I can’t tell you much about Prince as human being. I’m not an expert, and he was an intensely private person. He was presumably straight and cis, and in 2008 he spoke about his Jehovah’s Witness faith and against marriage equality (though his PR team later disputed the homophobic quotes). The most personal thing I have seen about him online is the examination of his refrigerator contents — mostly mustard and Dunkaroos — shared in my queer and lez friends group text as we collectively mourned this loss. But Prince’s whole career was about transformation, exploration, and holding seemingly-contradictory ideas in balance. His performativity and explicitly deviant lyrics allow us to take what we see on the surface and simply accept it.
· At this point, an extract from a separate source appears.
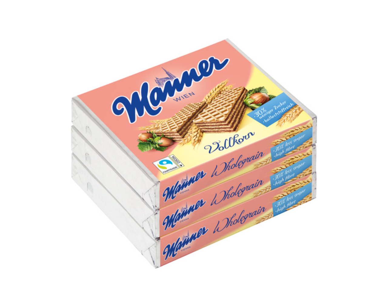 Manner Schnitten Vollkorn, 3er Packung, 225 Gramm Packung Knusprige Vollkornwaffeln mit Haselnusscremefüllung (82%), mit 30% weniger Zucker Netto Füllmenge Bruttogewicht 0.225 Kilogramm,Nettogehalt 225.00 Gramm Allergene Kann Spuren enthalten von Milch und Milcherzeugnisse,Enthält - Ist im Produkt enthalten Sojabohnen und -erzeugnisse,Glutenhaltiges Getreide sowie daraus hergestellte Erzeugnisse,Nüsse und Nusserzeugnisse. Kann Mandeln, Haselnüsse, Walnüsse, Cashewnüsse etc. einschliessen Aufbewahrung Bei Zimmertemperatur und trocken lagern. Zutaten Zutaten: WEIZENVOLLKORNMEHL, Zucker, pflanzliche Fette (Kokos, Palm), Oligofruktose, HASELNÜSSE (12% in der Creme), Glukosesirup, mageres Kakaopulver, natürliche Aromen, Emulgator: Lecithine (SOJA), Backtriebmittel: Natriumhydrogencarbonat, Salz. Kann Spuren von anderen Nüssen und Milchbestandteilen enthalten. Nährwerte pro 100g Unzubereitet 1 Portion, Energie 299,00 kJ, Energie 72,00 kcal, Fett 3,90 g, davon gesättigte Fettsäuren 2,50 g, Kohlenhydrate 7,20 g, davon Zucker 3,90 g, Ballaststoffe 2,50 g, Eiweiß 0,70 g, Salz 0,01 g , Unzubereitet 100 Gramm, Energie 1.999,00 kJ, Energie 480,00 kcal, Fett 26,00 g, davon gesättigte Fettsäuren 17,00 g, Kohlenhydrate 48,00 g, davon Zucker 26,00 g, Ballaststoffe 17,00 g, Eiweiß 5,00 g, Salz 0,08 g Marke MANNER Hersteller Name: Josef Manner & Comp. AG,Adresse: Wilhelminenstraße 6, 1170 Wien, Austria,Webseite: www.manner.com

Prince’s fashion — his purple velvet jackets, skintight pants, heeled boots, coifed hair and spiritual symbols — don’t instruct us about the gender of Prince the man, just as his lyrics don’t actually tell us what kind of sex he was having. But his clothes, his lyrics, and his presence can inform our perceptions of who has the right to which clothes and of how masculinity and femininity can intertwine, if we will them to do so. Most importantly, no matter what he wore, he was always Prince: Instantly recognizable, endlessly desirable, and a singularly talented artist.
We have lost Bowie and Prince in the same quarter year, and I wonder what this means for the future of androgyny — who will we femme-hearted gender weirdos turn to for inspiration and assurance? I hope these losses will fuel, rather than dim, the louder vocalization of our collective, inalienable right to exist in our bodies in the world and make them look however we want them to look.
In the coming days, the internet will produce endless think pieces and personal reflections about Prince’s impact on art, fashion, sexuality and the music business. Few artists reached people the way Prince did, and we can only begin to imagine the rippling impact his legacy will create in the future. At the moment of his death, we should revel in all he gave us. We should dance, we should wear too much (and yet exactly the right amount of) eyeliner, and we should remember.
My most important Prince memory comes from one of the last times I went on a date with a straight man. He was fine, an unremarkable dude with decent taste in music. We were at my favorite honky tonk and the blues band started in on a cover of Purple Rain. Let’s dance! I implored. He didn’t move. You can’t sit down during Prince, I explained. He didn’t know the song and insisted he didn’t know how to dance to it, and I promised his body would show him the way. It didn’t work out because he didn’t want to get it. It dawned on me that I deserved more than basic. That moment proved to be a starting point for my discovery that the consequences on my soul of trying to normalize my gender and sexuality were enormous and that I was failing anyway.
Prince — the musician, the icon, the gender-bending dreamboat — taught me that the best and only thing I can be is exactly whatever I am. It doesn’t have to make sense to anyone else as long as it keeps me alive and sparkling.
In “7,” Prince sings:
I am yours now and you are mine
And together we’ll love through all
space and time,
so don’t cry.”
So I won’t cry. I’ll just turn up Purple Rain and find some ruffles.